Granite 3.1 2B Instruct: Compact On-Device AI

Updated 7 April 2026

Granite 3.1 2B Instruct is a compact instruction-following language model built on a decoder-only Transformer architecture, emphasizing high-quality data filtering and alignment.
The model utilizes a two-phase data curation process that combines automated LLM heuristics with synthetic multi-step reasoning examples to boost overall accuracy and safety.
Optimized for on-device use, Granite 3.1 2B Instruct deploys quantization and resource-efficient techniques, achieving competitive benchmark scores with minimal compute overhead.

Phi-3.5 Mini Instruct is a 3.8-billion-parameter generative LLM in the Phi-3.5 series, developed as an open-source, instruction-following model with a strong emphasis on data quality, alignment, and on-device deployment. It implements the decoder-only Transformer architecture and is designed to deliver capabilities approaching or exceeding those of larger models within a highly efficient parameter and compute budget. The model is a direct successor to prior Phi releases and is constructed and evaluated according to rigorous scaling, filtering, and alignment methodologies (Abdin et al., 2024).

1. Architectural Overview

Phi-3.5 Mini utilizes a 32-layer decoder-only Transformer with 32 self-attention heads per layer and a hidden dimension of 3072. Tokenization is based on Llama-2’s vocabulary, encompassing 32,064 unique tokens. Positional encoding uses Rotary Position Embeddings (RoPE). The maximum context window starts at 4,096 tokens and is extended to 128,000 tokens during training via the LongRoPE approach. Training is performed in bfloat16 precision over 3.3 trillion tokens, matching the architecture of Phi-3 Mini (Abdin et al., 2024).

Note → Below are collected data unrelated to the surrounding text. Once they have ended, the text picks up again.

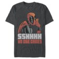 Imagine stepping out in this attention-grabbing tee, turning heads as people recognize the iconic Deadpool, rendered in a distressed cartoon style. He humorously hushes the world with a "Sshhhh No One Cares" plastered right across your tee, capturing his sassy spirit while infusing your look with a wicked sense of humor.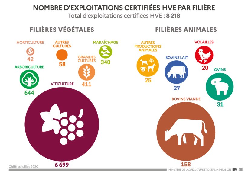 Le nombre d'exploitations certifiées de Haute Valeur Environnementale a fortement progressé en seulement six mois : on compte 8 218 exploitations certifiées au 1er juillet 2020 contre 5 399 exploitations au 1er janvier dernier, soit une augmentation de 52% sur les six premiers mois de l’année 2020). Au-delà de la filière viticole, précurseur en la matière, les filières de l'arboriculture, du maraîchage, de l'horticulture et des grandes cultures ont continué leur engagement dans le dispositif.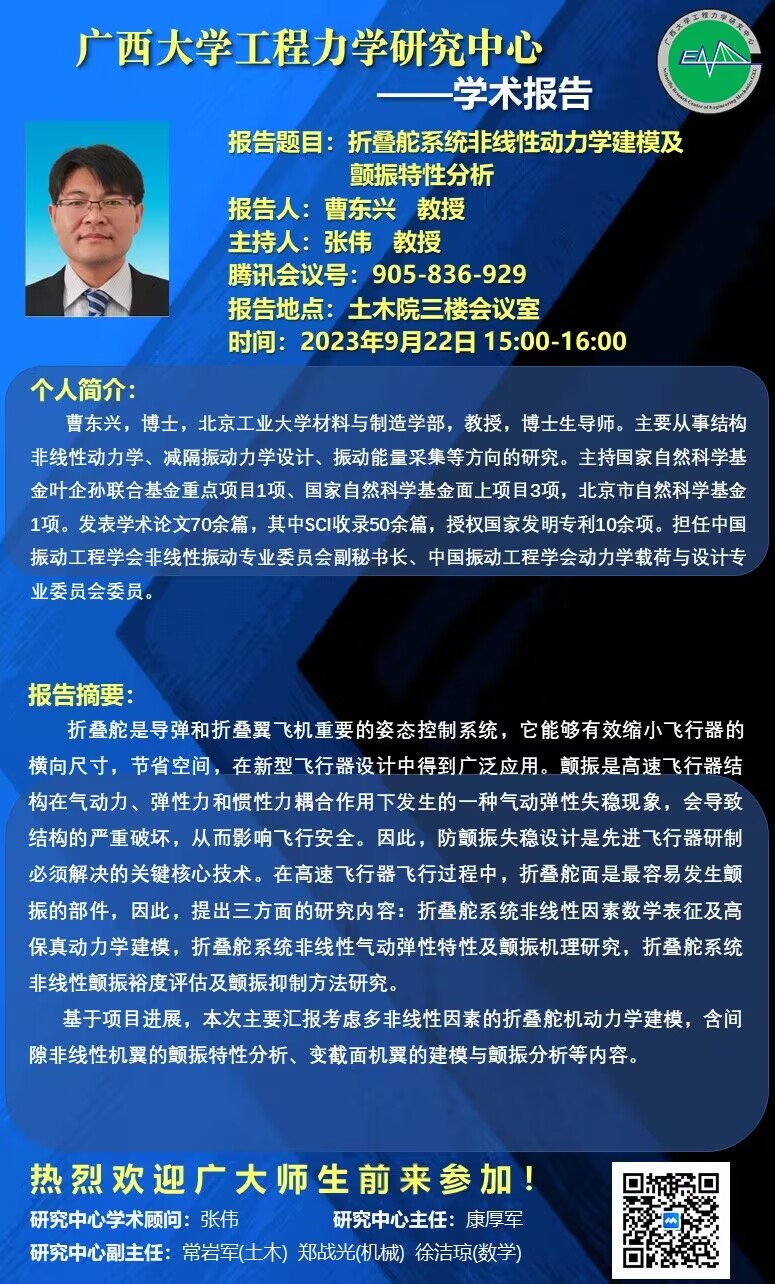 工程力学研究中心学术报告:折叠舵系统非线性动力学建模及颤振特性分析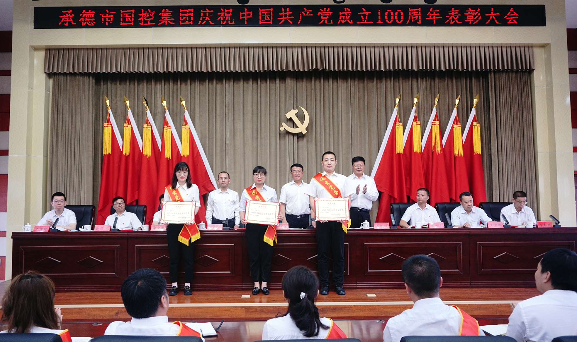 表彰大會(huì)氣氛隆重?zé)崃?,大?huì)在全場(chǎng)起立高唱國(guó)歌聲中開(kāi)幕。集團(tuán)公司黨委決定,授予許平凡等7名共產(chǎn)黨員“優(yōu)秀共產(chǎn)黨員”稱(chēng)號(hào),授予胡斌偉等3名黨務(wù)工作者“優(yōu)秀黨務(wù)工作者”稱(chēng)號(hào)?,F(xiàn)場(chǎng)向先進(jìn)個(gè)人頒發(fā)了證書(shū),并向參加“慶祝中國(guó)共產(chǎn)黨成立100周年書(shū)畫(huà)攝影大賽”獲獎(jiǎng)的人員頒發(fā)了榮譽(yù)證書(shū)。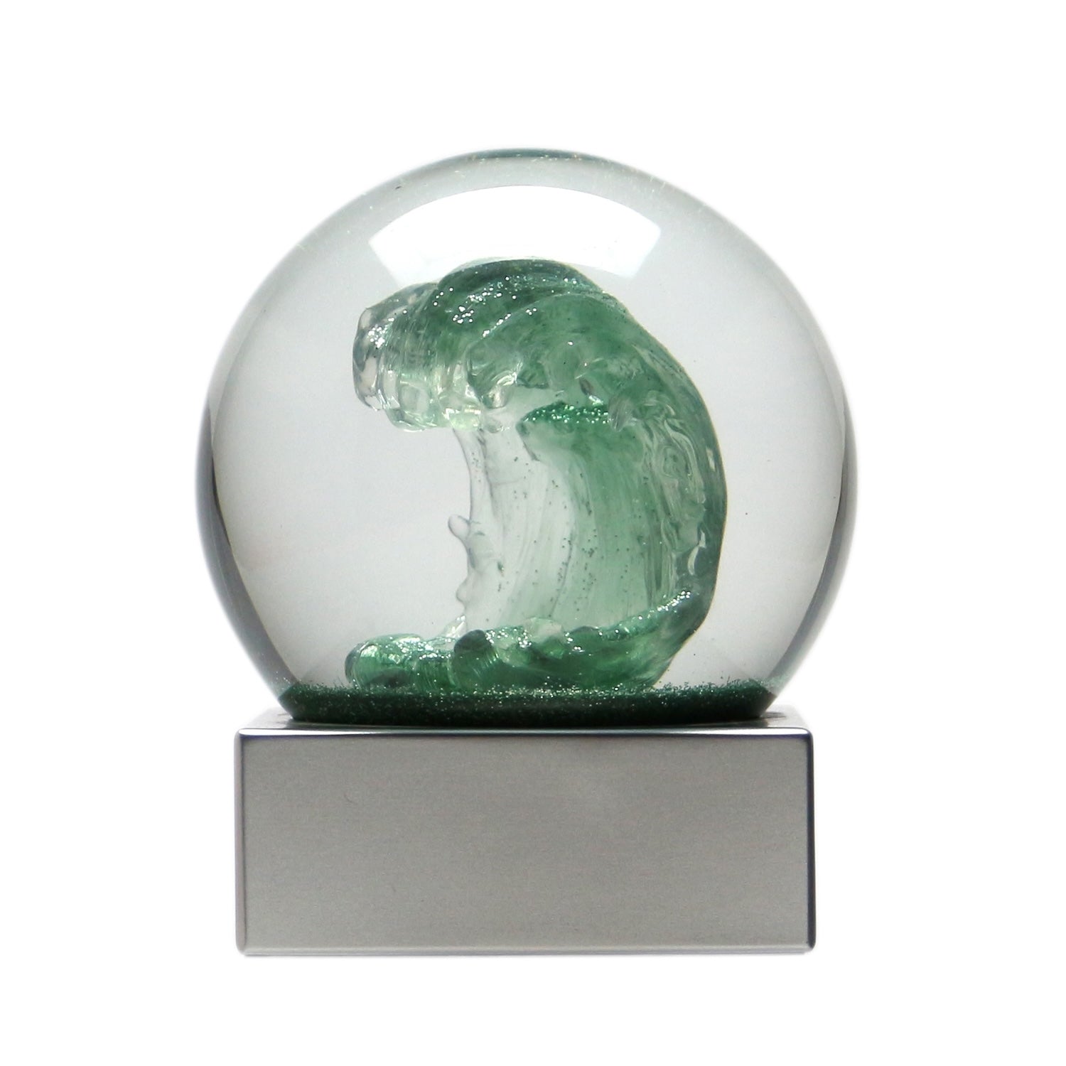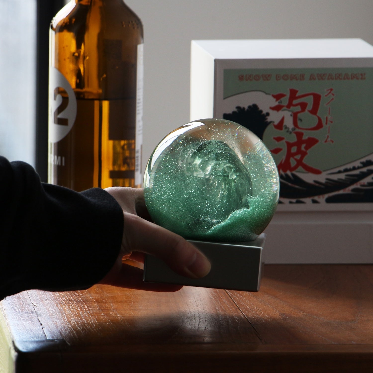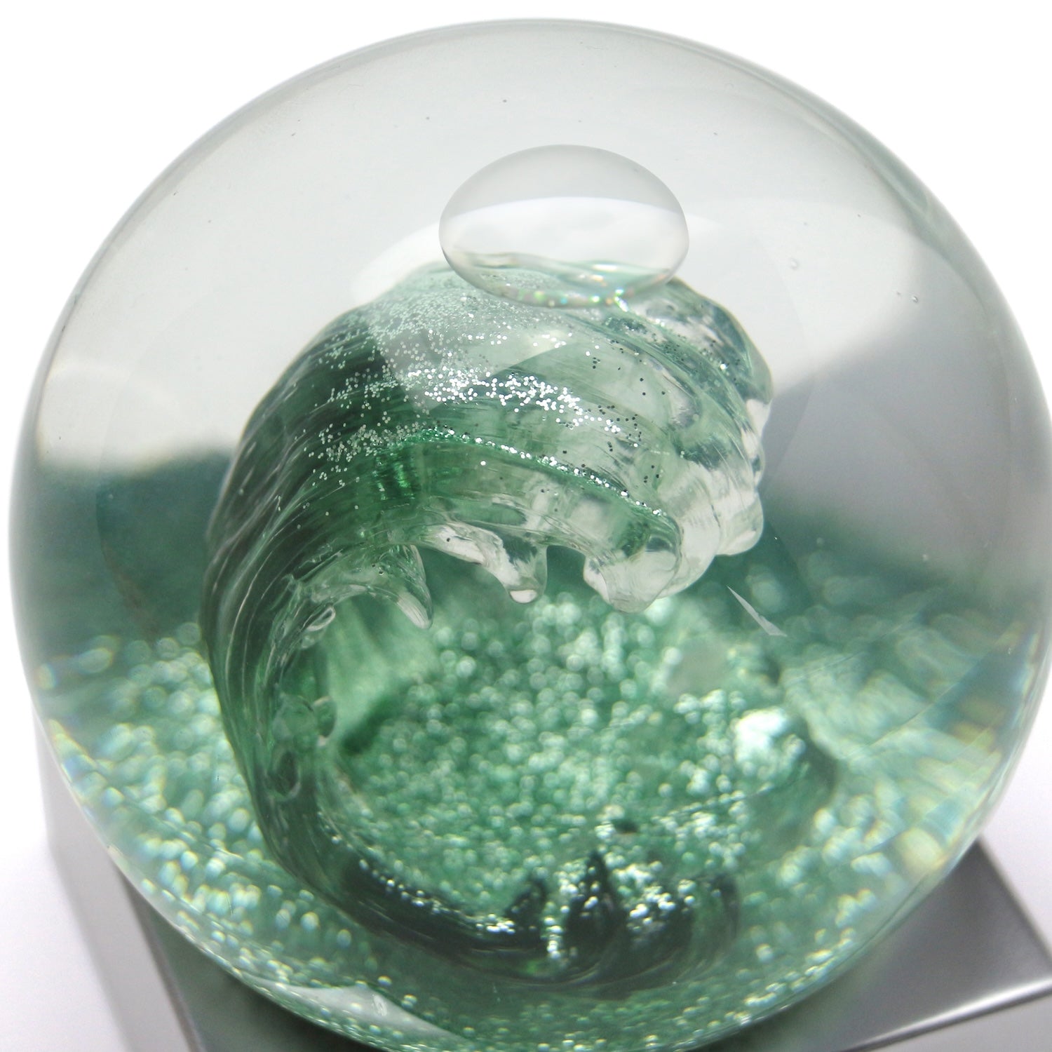 荒々しい波を10cmの球体のスノードームで表現しました。細かなラメパウダーが球体の中で舞う幻想的な様子はつい見入ってしまいます。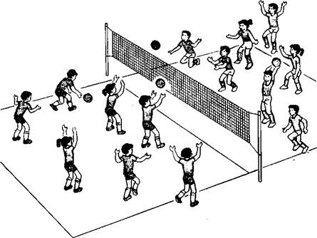 У кого меньше мячей. Дети образуют две равные команды. Каждая из них берет по нескольку мячей и располагается на своей половине площадки (площадка разделена сеткой, подвешенной на уровне 130—150 см).Дети обеих команд после сигнала воспитателя стараются перебросить свои мячи на площадку противника. Выигрывает команда, на площадке которой после второго свистка находится меньше мячей (рис.38).
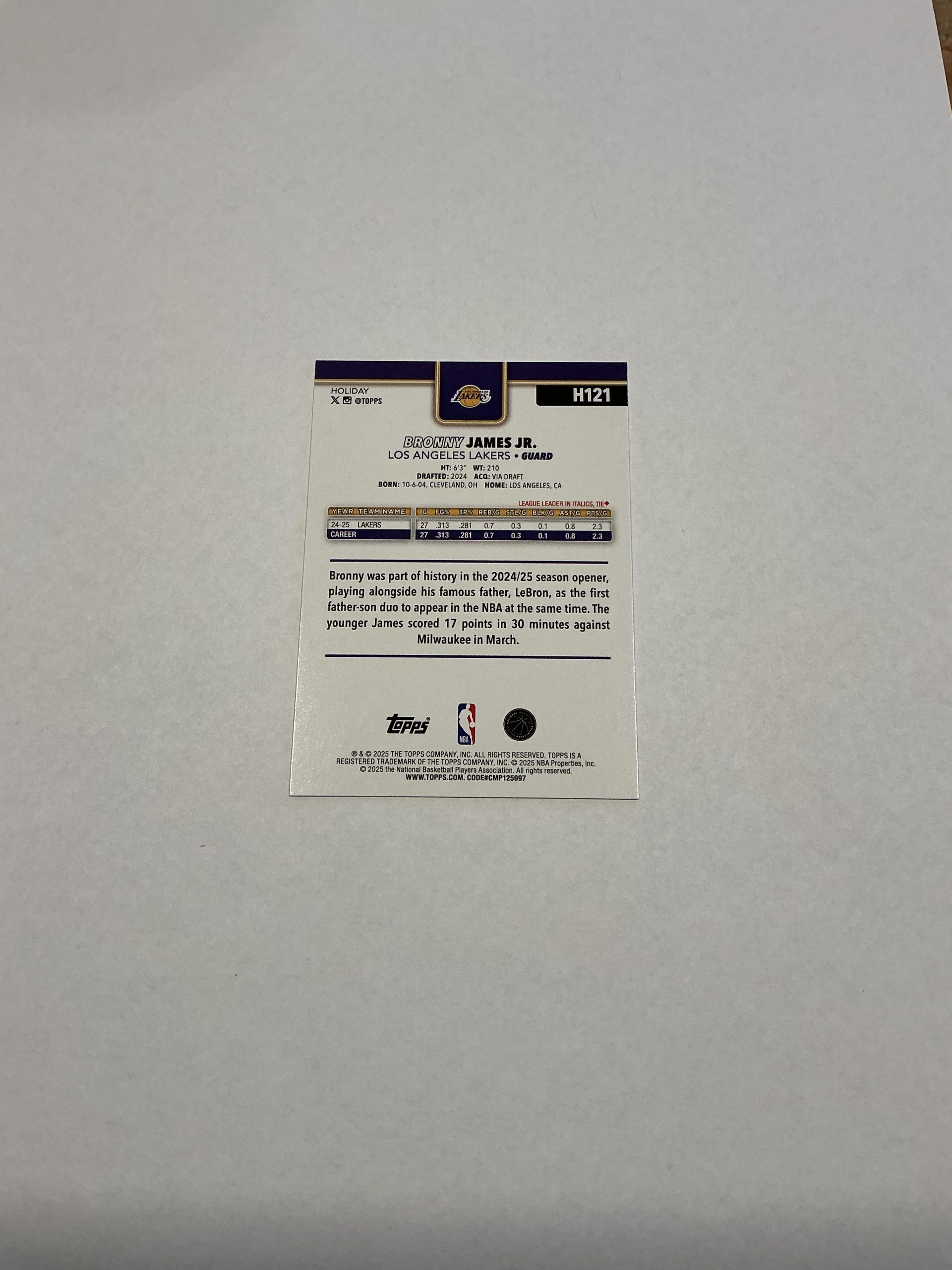 Topps Bronny James Jr. H121 2025/26 Holiday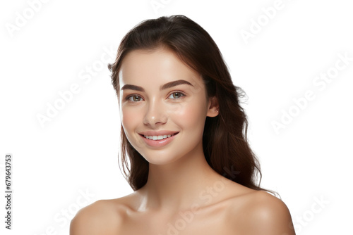 A happy young woman with healthy skin showing skincare isolated on transparent background.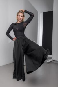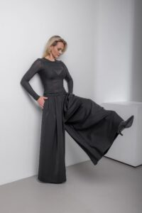 Tās ir bikses sievietei, kura novērtē komfortu, bet neatsakās no skaidras formas un elegances – piemērotas gan ikdienai, gan stilizētam vakara tēlam.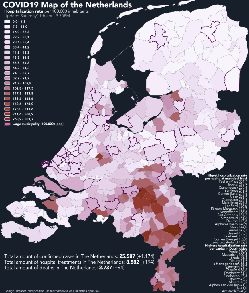 Nonetheless, even here more factors and nuances should be taken into account. For example, there are municipalities with lots of admissions yet just a few diagnoses. This incongruity is quite evident in larger municipalities. In Venlo, Zaanstad, and Almere, for example, relatively high rates of COVID-19 patients end up in hospitals compared to other cities. Do they live unhealthier lives? Most likely. But these are not student cities either, so it is quite plausible that more elderly people live there. On the April 11 diagnosis chart here below, there doesn’t seem to be much going on in these places. Why is that?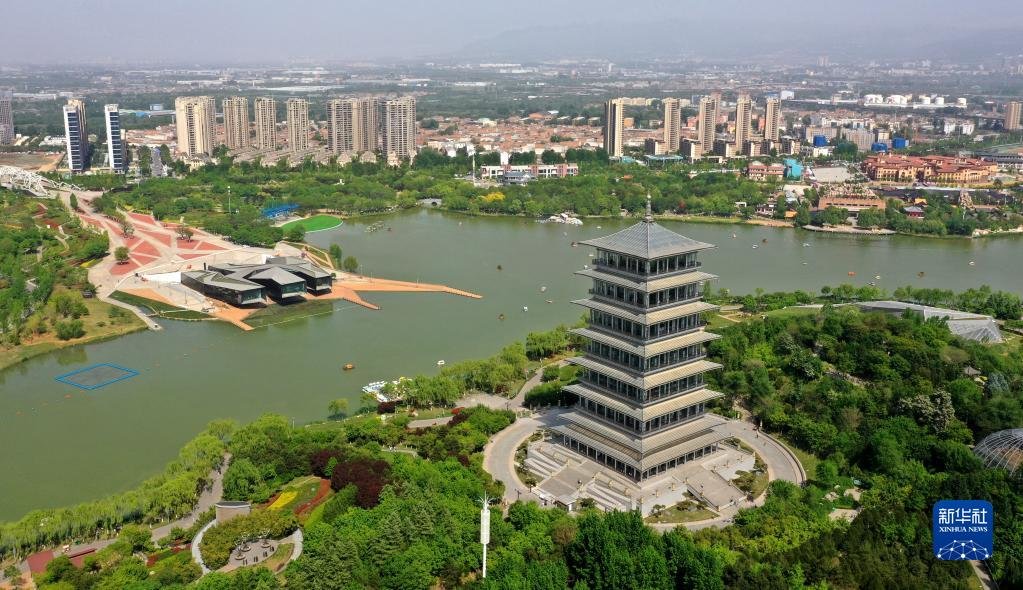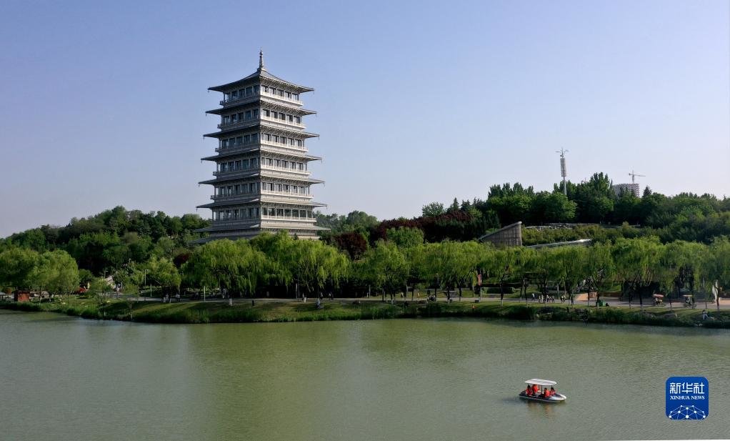 位于西安浐灞生态区的长安塔(4月16日摄,无人机照片)。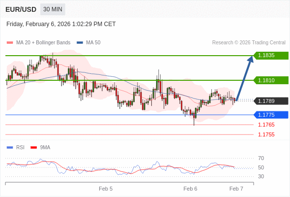 在 1.1775 之上,看涨,目标价位为 1.1810 ,然后为 1.1835 。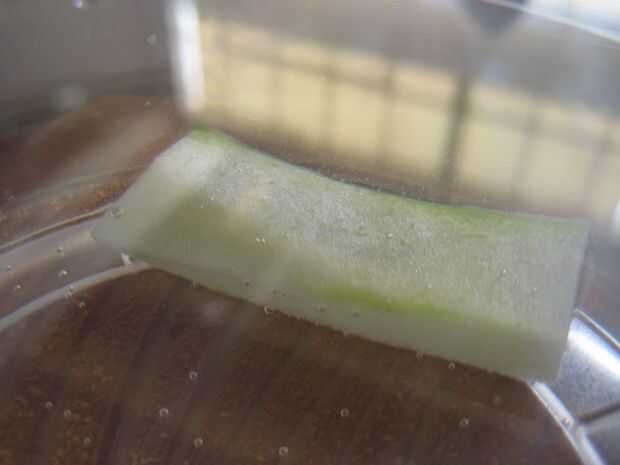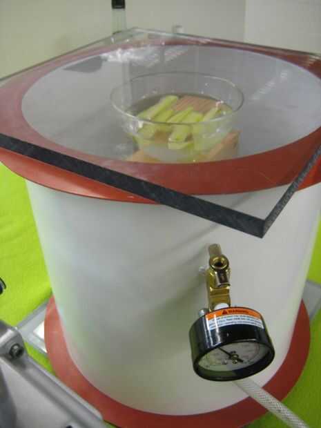 Como las formas vacío, fácilmente verá las burbujas escapan de la fruta. El vacío saca el aire de los trozos de fruta y permite así alcohol tomar ese espacio y infundir la fruta con el coctel.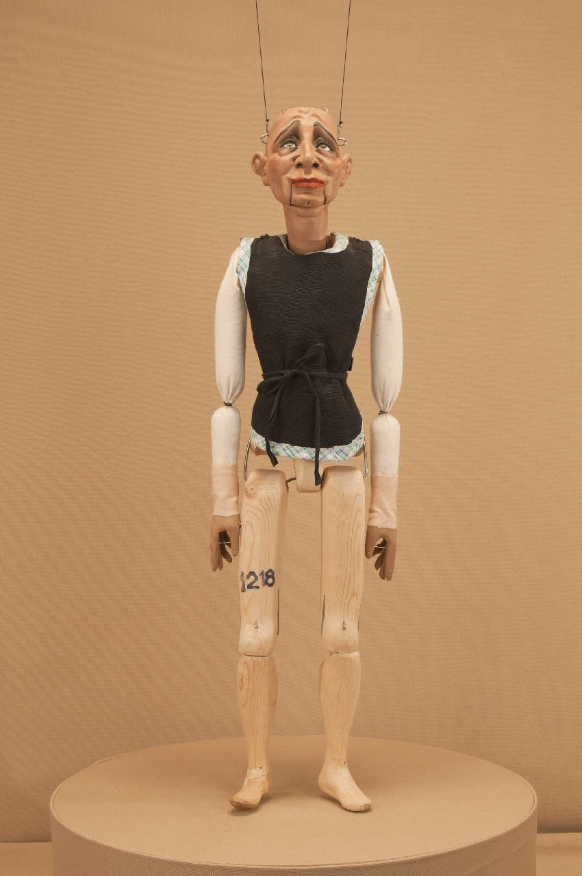 - NOTIZIE STORICO CRITICHE Marionetta realizzata per interpretare Ali Baba nel 2012. Lo spettacolo "Ali Baba" è una riduzione teatrale per marionette di Eugenio Monti Colla dalla celebre fiaba contenuta ne Le Mille e una notte.\nLa musica originale è stata scritta dal maestro Giuseppe Azzarelli.\nLo spettacolo andò in scena per la prima volta nel 2004 con le scenografie di Franco Citterio e i costumi di Cecilia Di Marco ed Eugenio Monti Colla. Questa marionetta ha anche interpretato il ruolo del Conte Anselmo ne "La Famiglia dell'antiquario" di Carlo Goldoni, andato in scena nel 2014 al Piccolo Teatro di Milano. Si tratta di una riduzione per marionette a cura di Eugenio Monti Colla e con le musiche di Antonio Salieri, le scene di Franco Citterio e i costumi di Eugenio Monti Colla e Cecilia Di Marco.

2. Pretraining Corpus and Data Filtering

The pretraining process proceeds in two sequential phases. Phase 1 leverages a broad, publicly available web crawl subjected to automated scoring and "educational level" filtering via LLM heuristics to remove low-quality or excessively topical data (e.g., daily sports scores). Phase 2 uses a tighter subset of the web crawl and incorporates LLM-generated synthetic data focused on multi-step reasoning, code synthesis, and mathematics. Filters preferentially preserve conceptual and reasoning-focused material. Synthetic data is generated by larger LLMs to explicitly teach chains of thought in logic, math, and code (Abdin et al., 2024).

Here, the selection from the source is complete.